Over the next few weeks, I am teaching two separate cohort classes. So I am going to take the time to answer questions from the Monday Open Thread since I am tight for time on writing a original pieces. Luckily, the questions have been amazing!
I have young kids, and as they get older they will face some very high stakes decisions that could result in all the known ways kids mess up their lives (drunk driving, unwanted pregnancy, drugs, etc). What’s your recommendation for how to give teenagers a framework for how to make the right decisions when the pressure is on in some of these situations that can have this high impact negative outcomes? -Chris
This is a great question, Chris, and it feels like unlocking this puzzle would create so much good in the world. This is, in fact, why I co-founded The Alliance for Decision Education. We are a non-profit dedicated to bringing decision education to every K-12 student in the country (an around the world!).
So many of the issues that kids have (and, frankly, adults as well) have to do with temporal discounting, the tendency to discount the future to get immediate gratification. The Marshmallow Test pioneered by Walter Mischel is a fantastic demonstration of temporal discounting.
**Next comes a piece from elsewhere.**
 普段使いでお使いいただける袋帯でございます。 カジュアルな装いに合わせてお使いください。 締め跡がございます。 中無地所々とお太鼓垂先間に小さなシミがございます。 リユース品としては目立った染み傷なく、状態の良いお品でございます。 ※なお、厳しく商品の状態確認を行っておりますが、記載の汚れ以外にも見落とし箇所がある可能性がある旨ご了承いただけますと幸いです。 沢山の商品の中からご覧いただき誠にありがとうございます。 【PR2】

Young children are put in a room with a single marshmallow on the table in front of them. They are told that if they wait 15 minutes before eating the marshmallow, they will get a second marshmallow. The question the researchers were asking is whether the children wait or go for the immediate gratification of eating the marshmallow right away. It turns out that only about 15% of kids are able to delay their gratification and wait for the second marshmallow.
The ones who do manage to wait don’t wait easily. The videos of them are pretty funny!
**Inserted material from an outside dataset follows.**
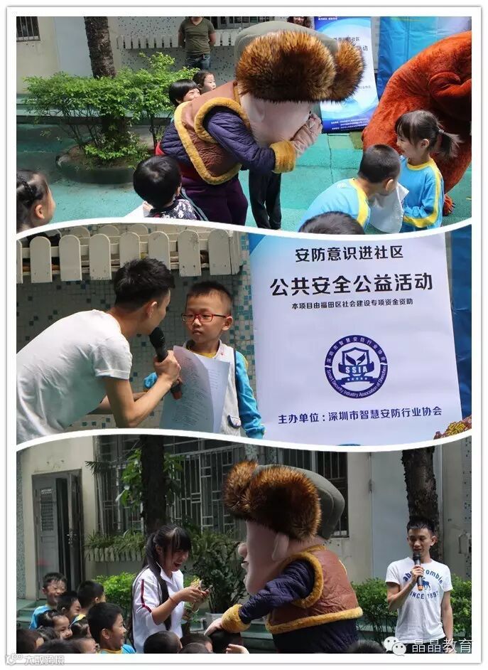 活动由深圳市智慧安防行业协会与幼儿园联合举办,主要通过讲解对全体师生进行安全意识的宣传,同时还利用孩子们喜欢的人偶现场互动,派发礼物。活动现场热闹非凡,本土动画人物“光头强”和“熊大”在主持人默契的配合下,将活动推向高潮,有奖问答如火如荼地进行着,孩子们踊跃地举手参加,欢声笑语交织一片。

Obviously, the marshmallow test is a good analog to exactly the types of decisions you are asking about. If you do drugs now, you are sacrificing future gains…health, well-being, friendships, success in school, etc. Same for teen pregnancy. Same for using social media instead of studying. these are all temporal discounting problems.
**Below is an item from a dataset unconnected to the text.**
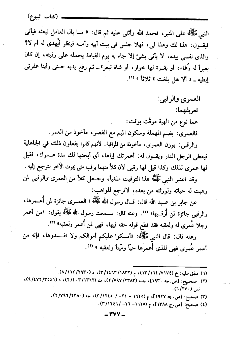 عن جابر بن عبد الله قال: قال رسول الله - صلى الله عليه وسلم - "العمرى جائزة لمن أُعمرها، والرقبى جائزة لمن أُرقبها" (¬2). وعنه قال: سمعت رسول الله - صلى الله عليه وسلم - يقول: "من أعمر رجلًا عُمرى له ولعقبه فقد قطع قوله حقه فيها، فهي لمن أُعمر ولعقبه" (¬3). وعنه قال: قال النبي - صلى الله عليه وسلم -:

Whether it is drug use, drunk driving, or teen pregnancy, kids are making choices because they, to quote Veruca Salt, “want it now!” And we all know what happened to her!
So how to mitigate this problem? First, some kids are naturally in that 15% who do wait. That has to do with temperament and some kids (and parents) are just lucky that way. But we can apply some decision tools to increase the chances that we won’t discount the future so much even if we aren’t in that lucky 15%. One of the best of these types of tools is a precommitment contract.
Simply put, a precommitment contract precommits you to take certain actions in the future. One of the strongest forms of a precommitment contract creates a barrier to taking an action. For example, some cars have a breathalyzer attachment where the car won’t start if someone is above the legal limit. Some birth control, like an IUD, acts a strong precommitment device.
A weaker from of such a contract just has you imagine the actions you want to take (or not take) in the future and then has you commit to taking positive path and avoiding the negative one, most effectively with some accountability to another human. We can ask kids to imagine a goal they want to achieve in the future and then have them write down what things they might do to help them achieve that goal and what things they might do that would get in the way of that goal. We can then have them precommit to doing the good stuff and avoiding the bad stuff.
Guiding kids to get in touch with their future selves is generally helpful in getting them to make better decisions. Waiting for the marshmallow is hard when you are trying to satisfy a person who doesn’t yet exist (you, fifteen minutes in the future). It is even harder when you are a teenager and you are trying to take care of a version of you that will exist a decade from now. Making sure we encourage regular conversations with future versions of ourselves, versions that have achieved the things we want to achieve, will help us stick to the commitments we make now.